Bentuk soal yang sesuai untuk mengukur kemampuan ini antara lain:
benar-salah, menjodohkan, isian atau jawaban singkat.
2. Pemahaman (C2)
Kemampuan ini umumnya mendapat penekanan dalam proses belajar-
mengajar. Siswa dituntut memahami atau mengerti apa yang diajarkan,
mengetahui apa yang sedang dikomunikasikan dan dapat memanfaatkan
isinya tanpa keharusan menghubungkannya dengan hal-hal lain. Bentuk
soal yang sering digunakan untuk mengukur kemampuan ini adalah
pilihan ganda atau uraian. Kemampuan pemahaman dapat dijabarkan
menjadi tiga, yaitu :
Menerjemahkan (translation)
Menginterpretasi (interpretation)
Mengekstrapolasi (extrapolation)
Kata kerja operasional yang dapat dipakai untuk mengukur
kemampuann-kemampuan ini adalah memperhitungkan, memprakirakan,
menduga, menyimpulkan, meramalkan, membedakan, menentukan,
mengisi, dan menarik kesimpulan.
3. Penerapan (C3)
Dalam jenjang kemampuan ini dituntut kesanggupan ide-ide umum,
tata cara, ataupun metode-metode, prinsip-prinsip, serta teori-teori dalam
situasi baru dan konkret. Situasi dimana ide, metode dan lain-lain yang
dipakai itu harus baru, karena apabila tidak demikian, maka kemampuan
yang diukur bukan lagi penerapan tetapi ingatan semata-mata. Suatu soal
yang telah dipakaisebagai contoh di kelas mengenai penerapan suatu
rumus, misalnya jangan lagi dipakai dalam tes atau ulangan. Kalau soal
yang persis sama itu disajikan, maka siswa dapat menjawab hanya
berdasarkan ingatan, bukan melalui penerapan kaidah atau rumus tertentu.

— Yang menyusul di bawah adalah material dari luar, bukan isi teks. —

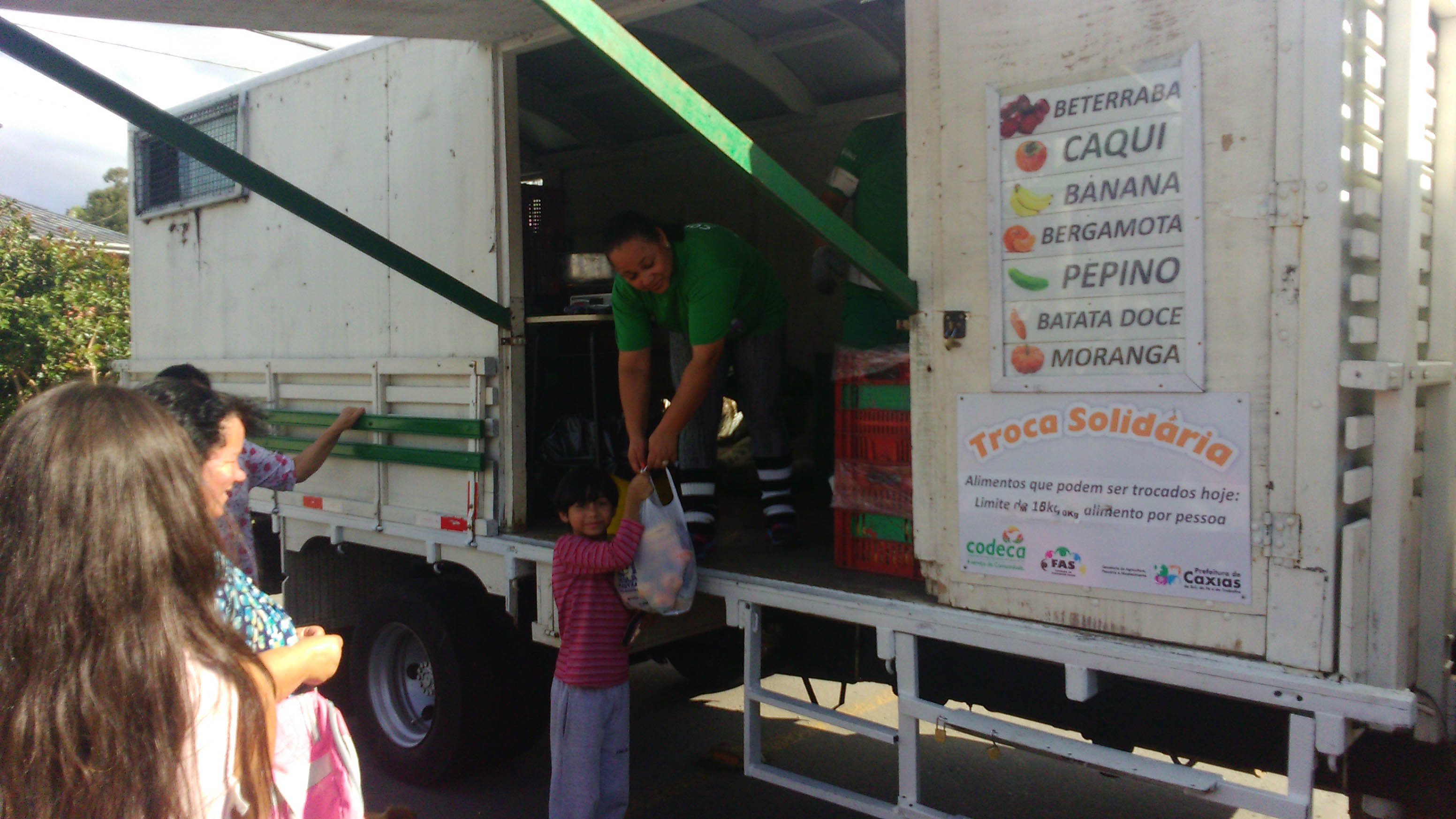 Neste sábado (28.05) ocorre o Troca Solidária. O programa troca de 4Kg de resÃduos recicláveis por 1Kg de alimento, no qual as pessoas poderão escolher entre banana, pepino, beterraba, caqui, moranga e bergamota. O programa é uma iniciativa da Prefeitura de Caxias, desenvolvida pela Companhia de Desenvolvimento (CODECA), em parceria com a Secretaria da Agricultura, Pecuária e Abastecimento (SMAPA) e a Fundação de Assistência Social (FAS).De acordo com o Diretor-Presidente da CODECA, Paulo Ballardin, a cidade teve um grande ganho com a implantação do Programa. \\\"A Administração Municipal e a CODECA colhem diariamente resultados positivos, visto que diminui o registro de problemas como a má destinação do lixo reciclável. A reeducação ambiental que a população vem adquirindo prova que projetos como esses podem interferir significativamente no desenvolvimento sustentável das grandes cidades, como a de Caxias do Sul\\\", destacou. Confira os locais:TURNO DA MANHÃ08:30 – Canyon – Rua da Felicidade08:30 – Beltrão – Rua Cristóforo Randon (lateral do posto Coocaver)10:30 – Reolon - Rua Luiz Pereira da Silva (ao lado do centro Comunitário)10:30 – Fátima Baixa – Av. Dr. Mário Lopes (Próx. Rua João Brogliato)TURNO DA TARDE13:30 – Monte Carmelo Rua Pato Branco esquina com a Rua Francisco Beltrão de Queiroz13:30 – Mariani – Rua VergÃnia Botini Reuse (em frente ao centro comunitário)15:30 – Vila Lobos – Rua Ametista esquina com a Rua E15:30 – São Gabriel – Rua Aida Esther da Rosa (ao lado do centro comunitário) Fotos: Erica Finimundi

Harus diciptakan butir soal baru yang serupa tetapi tidak sama. Kata kerja
operasional yang dapat dipakai untuk mengukur kemampuan ini adalah
menggunakan, meramalkan, menghubungkan, menggeneralisasi, memilih,
mengembangkan, mengorganisasi, mengubah, menyusun kembali,
mengklasifikasikan, menghitung, menerapkan, menentukan, dan
memecahkan masalah.
4. Analisis (C4)
Dalam jenjang kemampuan ini seseorang dituntut untuk dapat
menguraikan suatu situasi atau keadaan tertentu ke dalam unsur-unsur atau
komponen-komponen pembentuknya. Dengan jalan ini situasi atau
keadaan tersebut menjadi jelas. Bentuk soal yang sesuai untuk mengukur
kemampuan ini adalah pilihan ganda dan uraian. Kemampuan analisis
diklasifikasi atas tiga kelompok, yaitu :
Analisis unsur
Analisis hubungan
Analisis prinsip-prinsip yang terorganisasi
5. Sintesis (C5)
Pada jenjang ini seseorang dituntut untuk dapat menghasilkan sesuatu
yang baru dengan jalan menggabungkan berbagai faktor yang ada. Hasil
yang diperoleh dari penggabungan ini dapat berupa:
Tulisan
Dari hal-hal yang sifatnya tidak sistematis ataupun sistematis, kita
coba membuat kesimpulan melalui suatu analisis. Dapat pula dibuat
sintesis dari tulisan menjadi lisan dan sebaliknya, dari tulisan menjadi
tulisan yang lain, atau dari lisan menjadi lisan lain pula. kata kerja
operasional yang dipakai antara lain: menulis, membicarakan,
menghubungkan, menghasilkan, mengangkat, memodifikasi,
meneruskan dan membuktikan kebenaran
Rencana atau mekanisme
Dengan sintesis dapat pula dibuat suatu rencana atau mekanisme
kerja. Semakin baik sintesis itu dibuat, akan semakin baik pula rencana
atau mekanisme kerja itu. Kata kerja operasional yang dipakai antara
lain : mengusulkan, mengemukakan, merencanakan, menghasilkan,
mendesain, memodifikasi, dan menetukan.
6. Evaluasi (C6)
Dalam jenjang kemampuan ini seseorang dituntut untuk dapat
mengevaluasi situasi, keadaan, pernyataan, atau konsep berdasarkan suatu
kriteria tertentu. Yang penting dalam evaluasi ialah menciptakan
kondisinya sedemikian rupa sehingga siswa mampu mengembangkan
kriteria, standar, atau ukuran untuk mengevaluasi sesuatu. Kemampuan
evaluasi adalah jenjang tertinggi dari aspek kognitif menurut Bloom. Kata
kerja operasional yang dipakai adalah menafsirkan, mempertimbangkan
menduga, mengevaluasi, menentukan, dan sebagainya.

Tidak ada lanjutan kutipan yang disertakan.